A combined first-principles and reactive molecular dynamics study
: Hu, X.; Schuster, J.; Schulz, S.E.; Gessner, T.


Physical chemistry, chemical physics : PCCP 17 (2015), Nr.40, S.26892-26902
ISSN: 1463-9076
Deutsche Forschungsgemeinschaft DFG
GRK 1215;
Fraunhofer ENAS ()

Atomistic mechanisms for the atomic layer deposition using the Cu(acac)(2) (acac = acetylacetonate) precursor are studied using first-principles calculations and reactive molecular dynamics simulations. The results show that Cu(acac)(2) chemisorbs on the hollow site of the Cu(110) surface and decomposes easily into a Cu atom and the acac-ligands.

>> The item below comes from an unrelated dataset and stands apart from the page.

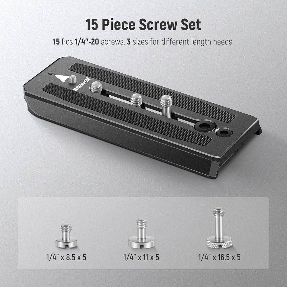 【Quick Release Replacement Screw】 Securely mount your camera on the quick release plate with the 1/4'' slotted screw kit. The 1/4" screws in 3 different sizes with 5 pcs each including 16.5mm (5mm threaded, 11.5mm unthreaded), 11mm (5mm threaded, 6mm unthreaded), and 8.5mm (4.5mm threaded, 5mm unthreaded), for any size and extra quantity for your quick release needs

A sequential dissociation and reduction of the Cu precursor [Cu(acac)(2) -> Cu(acac) -> Cu] are observed. Further decomposition of the acac-ligand is unfavorable on the Cu surface. Thus additional adsorption of the precursors may be blocked by adsorbed ligands. Molecular hydrogen is found to be nonreactive towards Cu(acac)(2) on Cu(110), whereas individual H atoms easily lead to bond breaking in the Cu precursor upon impact, and thus release the surface ligands into the gas-phase. On the other hand, water reacts with Cu(acac)(2) on a Cu2O substrate through a ligand-exchange reaction, which produces gaseous H(acac) and surface OH species. Combustion reactions with the main by-products CO2 and H2O are observed during the reaction between Cu(acac)(2) and ozone on the CuO surface. The reactivity of different co-reactants toward Cu(acac)(2) follows the order H > O-3 > H2O.